(Stored items)
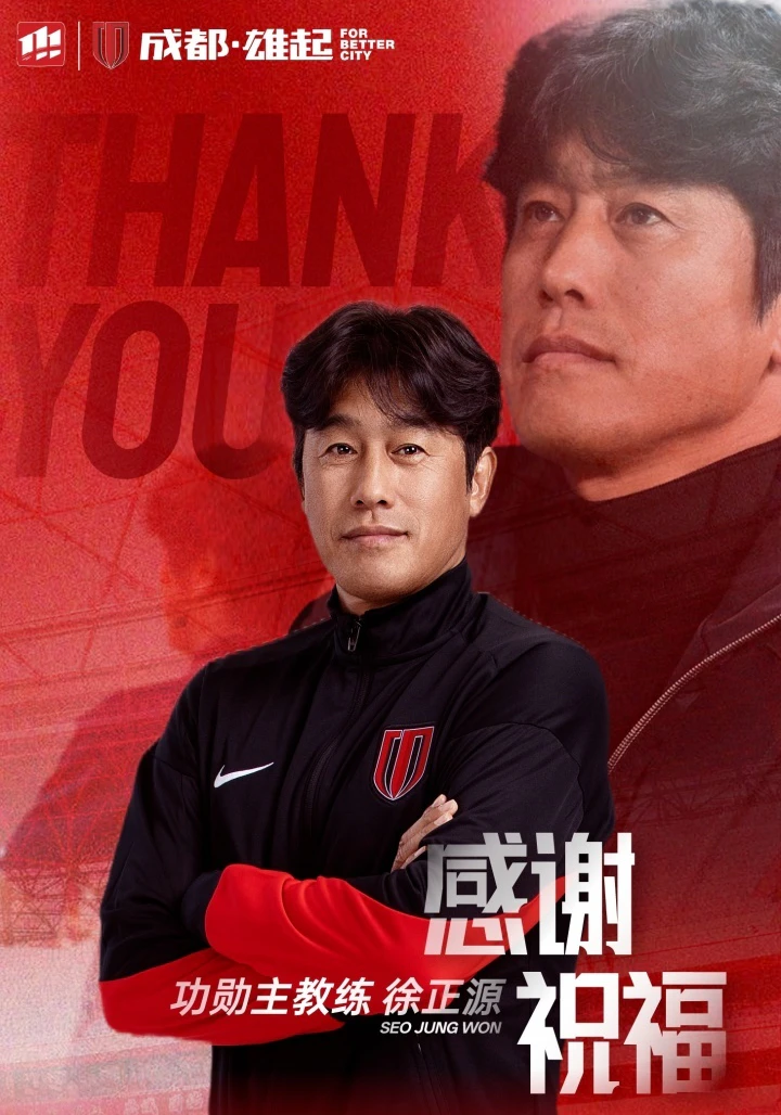 经友好协商,成都蓉城足球俱乐部与徐正源先生达成一致,决定不再续约,徐正源先生将不再担任成都蓉城足球俱乐部一线队主教练职务。在此,俱乐部全体成员谨向徐正源先生及其教练团队致以最诚挚的谢意。2021年1月起,徐正源先生担任俱乐部一线队主教练,为俱乐部带来了先进的足球理念、严谨的职业态度和永不言弃的拼搏精神。2022年,徐正源先生带领球队成功冲超,成都足球再次登上中国足球顶级职业联赛。从2022年中超第五的惊艳亮相,到2023年勇夺中超第四的强势崛起,再到2024年位居中超第三并历史性闯入足协杯四强,球队一步一个台阶持续攀升。2025赛季,更是登上亚冠精英联赛舞台,让成都足球的风采闪耀于亚洲足坛!为感谢徐正源先生为球队做出的卓越贡献,俱乐部决定授予其成都蓉城足球俱乐部“功勋主教练”称号。
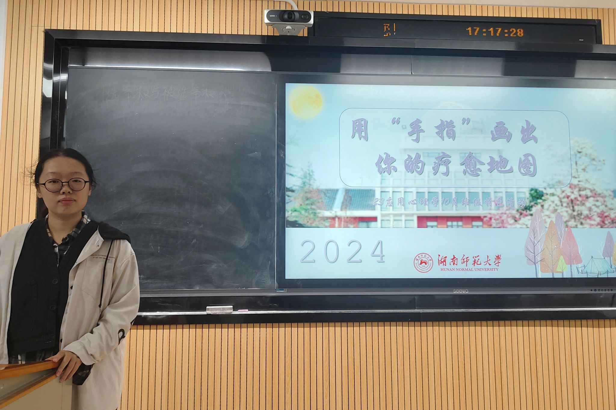 (通讯员 杨香桂 黄金枝)10月24日下午,为引导同学们正确认识并积极面对学习和生活中的压力,提升自我效能感,教育科学学院2023级应用心理班在教科院302教室举办“用‘手指’画出你的疗愈地图”主题心理特色活动。此次活动由23级应用心理班班长刘堇萱主持。
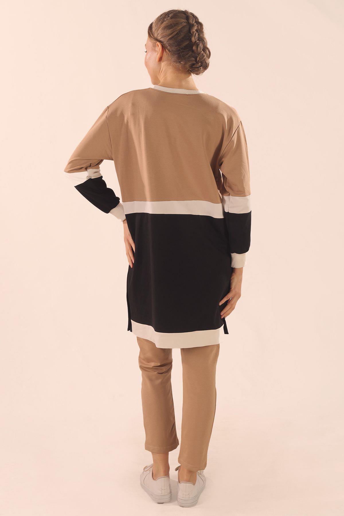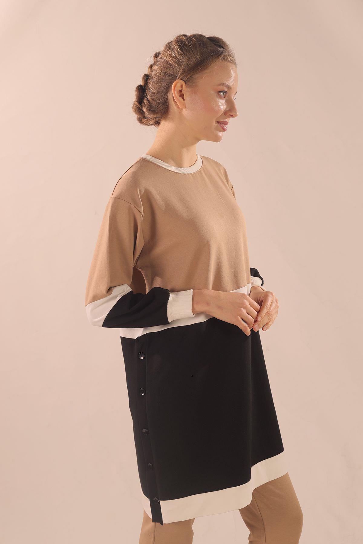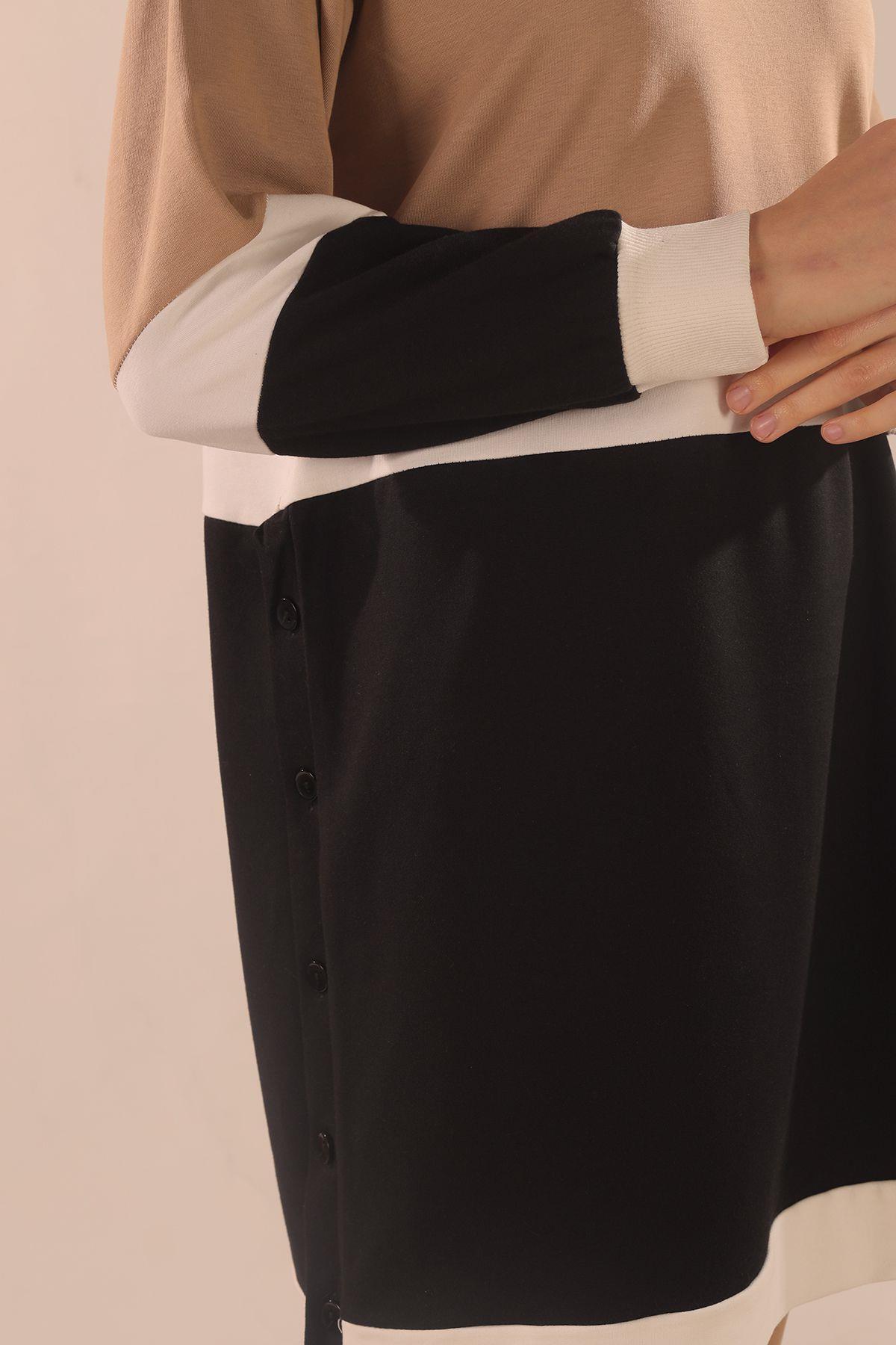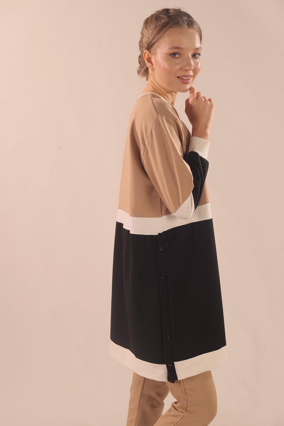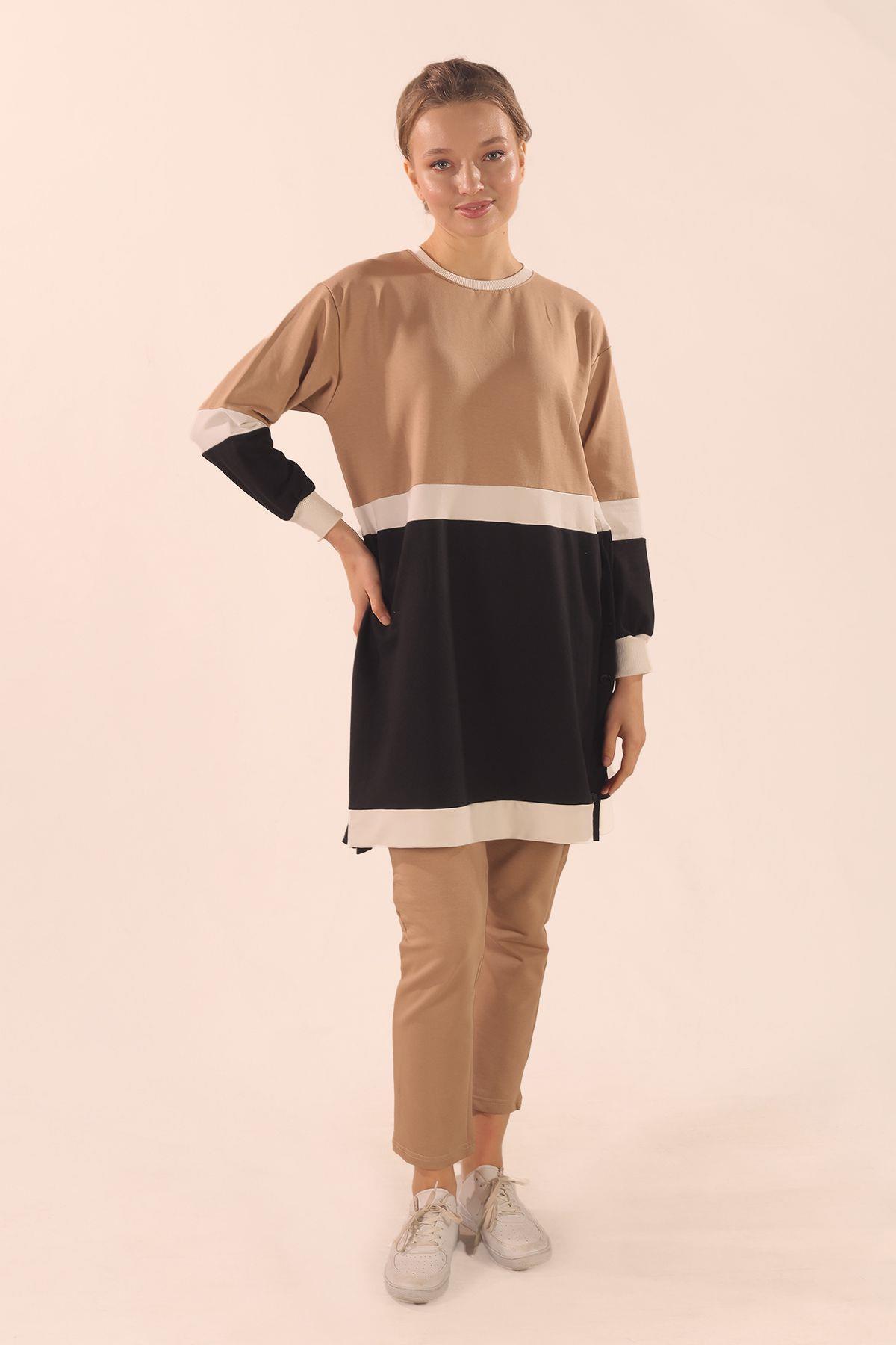 Bej Çift Renk Düğme Detay Takım 3478
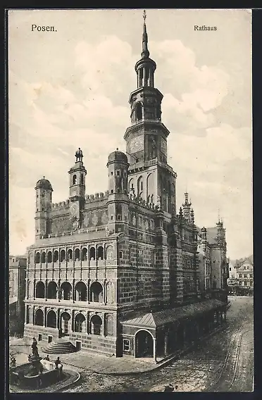 AK Posen, Rathaus mit Brunnen
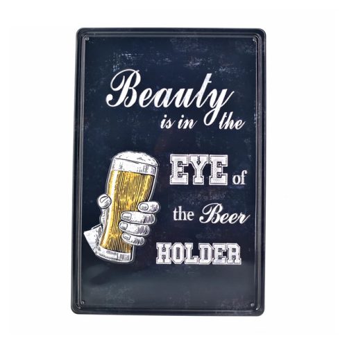 Vintage Dekor Fémtábla, dombornyomott, 'Beauty is in the EYE of the Beer holder' felirat, retro hangulatú kialakítás, 20x30cm, vintage fekete háttér
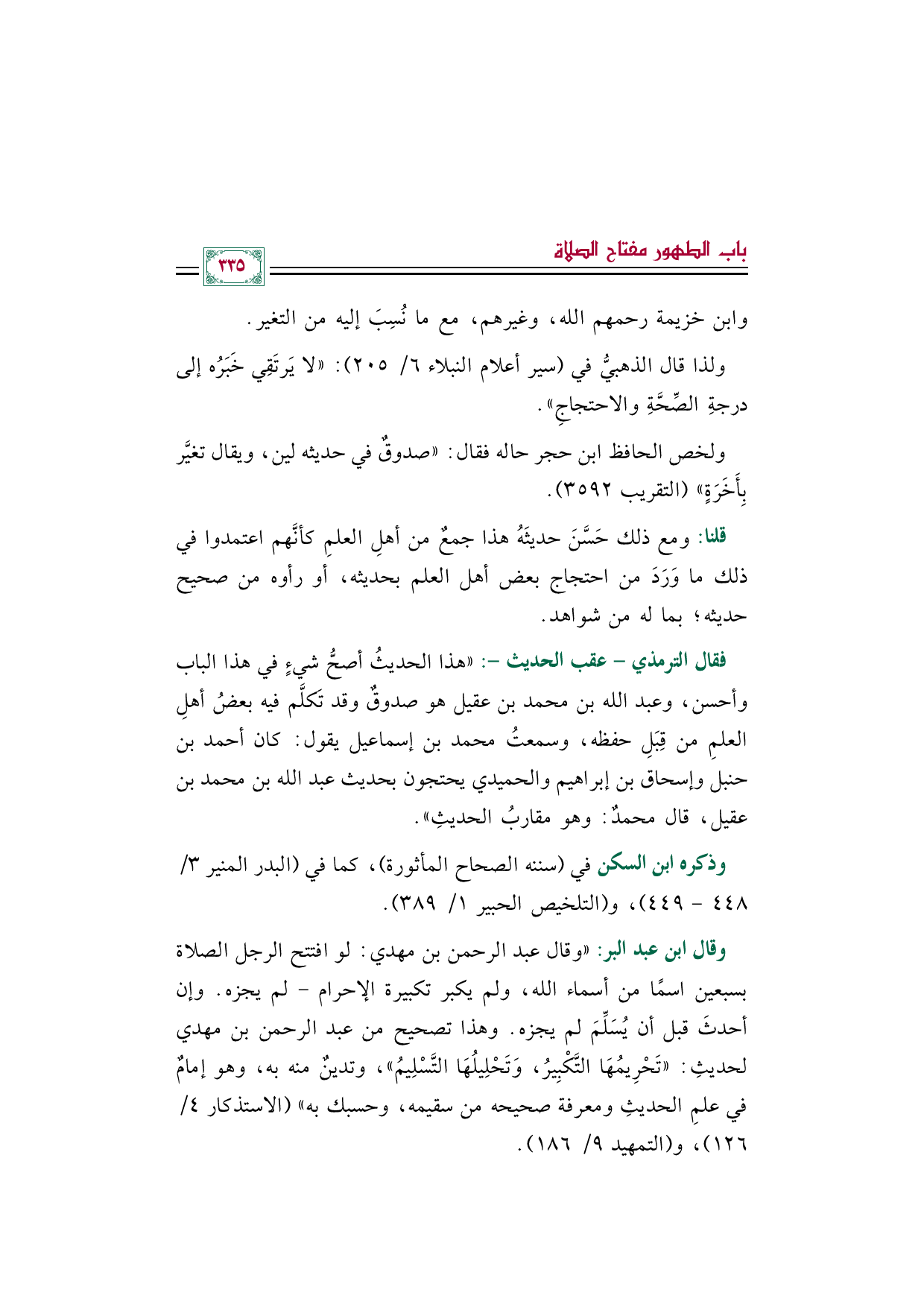وقال ابن عبد البر: ((وقال عبد الرحمن بن مهدي: لو افتتح الرجل الصلاة بسبعين اسمًا من أسماء الله، ولم يكبر تكبيرة الإحرام- لم يجزه. وإن أحدثَ قبل أن يُسَلِّمَ لم يجزه. وهذا تصحيح من عبد الرحمن بن مهدي لحديثِ: «تَحْرِيمُهَا التَّكْبِيرُ، وَتَحْلِيلُهَا التَّسْلِيمُ»، وتدينٌ منه به، وهو إمامٌ في علمِ الحديثِ ومعرفة صحيحه من سقيمه، وحسبك به)) (الاستذكار ٤/ ١٢٦)، و (التمهيد ٩/ ١٨٦).
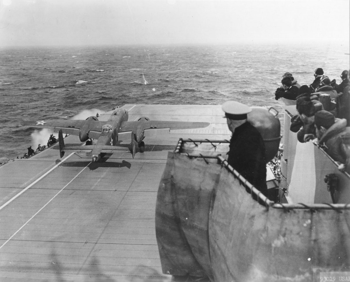 On February 2, 1942, two B-25s were hoisted aboard the USS Hornet, the Navy’s newest carrier, at Norfolk, Va. A few miles off the Virginia coast, the lightly loaded bombers were fired up and took off without difficulty. The Hornet was then ordered to proceed to the West Coast for its first war assignment.

→ WORK TO COMPLETE:
Copy exactly the lines that run from the one containing "AK Posen, Rathaus mit Brunnen" to the last line of the records, both included, and leave out every picture.

→ EXPECTED ANSWER:
 AK Posen, Rathaus mit Brunnen
 Vintage Dekor Fémtábla, dombornyomott, 'Beauty is in the EYE of the Beer holder' felirat, retro hangulatú kialakítás, 20x30cm, vintage fekete háttér
وقال ابن عبد البر: ((وقال عبد الرحمن بن مهدي: لو افتتح الرجل الصلاة بسبعين اسمًا من أسماء الله، ولم يكبر تكبيرة الإحرام- لم يجزه. وإن أحدثَ قبل أن يُسَلِّمَ لم يجزه. وهذا تصحيح من عبد الرحمن بن مهدي لحديثِ: «تَحْرِيمُهَا التَّكْبِيرُ، وَتَحْلِيلُهَا التَّسْلِيمُ»، وتدينٌ منه به، وهو إمامٌ في علمِ الحديثِ ومعرفة صحيحه من سقيمه، وحسبك به)) (الاستذكار ٤/ ١٢٦)، و (التمهيد ٩/ ١٨٦).
 On February 2, 1942, two B-25s were hoisted aboard the USS Hornet, the Navy’s newest carrier, at Norfolk, Va. A few miles off the Virginia coast, the lightly loaded bombers were fired up and took off without difficulty. The Hornet was then ordered to proceed to the West Coast for its first war assignment.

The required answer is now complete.